Detail of "6931-54-0"

Reference

Radiation-induced cationic polymerization of terpene epoxides

Radiation-induced cationic polymerization of terpene epoxides. Aikins, James A.; Williams, Ffrancon (Dep. Chem., Univ. Tennessee, Knoxville, TN 37996-1600, USA). Polym. Prepr. (Am. Chem. Soc., Div. Polym. Chem.), 25(1), 260-1 (English) 1984. CODEN: ACPPAY. ISSN: 0032-3934. DOCUMENT TYPE: Journal CA Section: 35 (Chemistry of Synthetic High Polymers) Radiation-induced cationic polymn. of (+)-limonene oxide [1195-92-2], a-pinene oxide [1686-14-2], and b-pinene oxide [6931-54-0] gave low d.p., which indicated that chain transfer occurred during polymn.
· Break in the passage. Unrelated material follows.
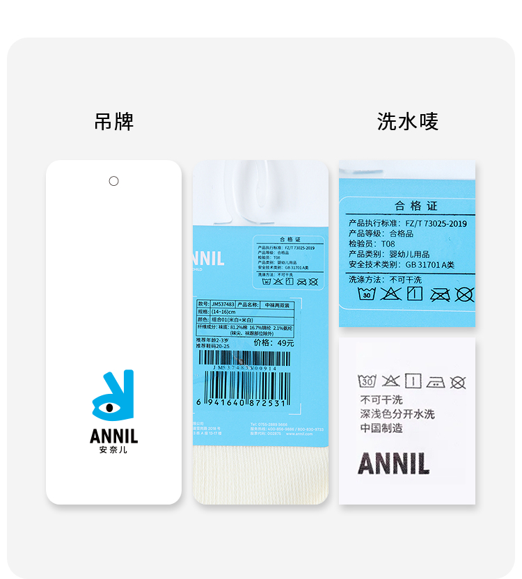 【实体店同款】男女童中袜两双装秋季新款安奈儿童装JM537483

Radiation-induced cationic polymerization of limonene oxide, a-pinene oxide, and b-pinene oxide

Radiation-induced cationic polymerization of limonene oxide, a-pinene oxide, and b-pinene oxide. Aikins, J. A.; Williams, F. (Dep. Chem., Univ. Tennessee, Knoxville, TN, USA). Report, DOE/ER/02968-T1; Order No. DE84015738, 36 pp. Avail. NTIS From: Energy Res. Abstr. 1984, 9(20), Abstr. No. 40755 (English) 1984. DOCUMENT TYPE: Report CA Section: 35 (Chemistry of Synthetic High Polymers) The title monomers (in the form of neat liqs.) undergo radiation-induced polymn. with no apparent side reactions and high conversions to precipitatable polymers of low mol. wt. A cationic mechanism is evidenced by the strongly retarding effect of Pr3N on the polymn. rate. At 25° limonene oxide (I) [1195-92-2] gives the highest polymn. rates, an av. conversion of 36% per Mrad being obtained in comparison with values of 5.7 and 7.3% per Mrad for the a-pinene oxide (II) [1686-14-2] b-pinene oxide (III) [6931-54-0], resp. Similarly, the av. anti DP/sub n/ decreases from 11.8 for the I polymer to 5.6 and 4.0 for the II and III polymers, resp. A high frequency of chain transfer to monomer is indicated in each case by the fact that the kinetic chain lengths are ~100 times larger than the anti DP/sub n/ values. Structural characterization of the I polymer by 1H and 13C NMR spectroscopy show that the polymn. proceeds by the opening of the epoxide ring to yield a 1,2-trans polyether. Similar NMR studies on the polymers formed from the II and III show that the opening of the epoxide ring is generally accompanied by the concomitant ring opening of the cyclobutane ring structure to yield a gem-di-Me group in the main chain. The detection of isopropenyl end groups in the II and III polymers is also consistent with this mode of propagation being followed by chain (proton) transfer to monomer.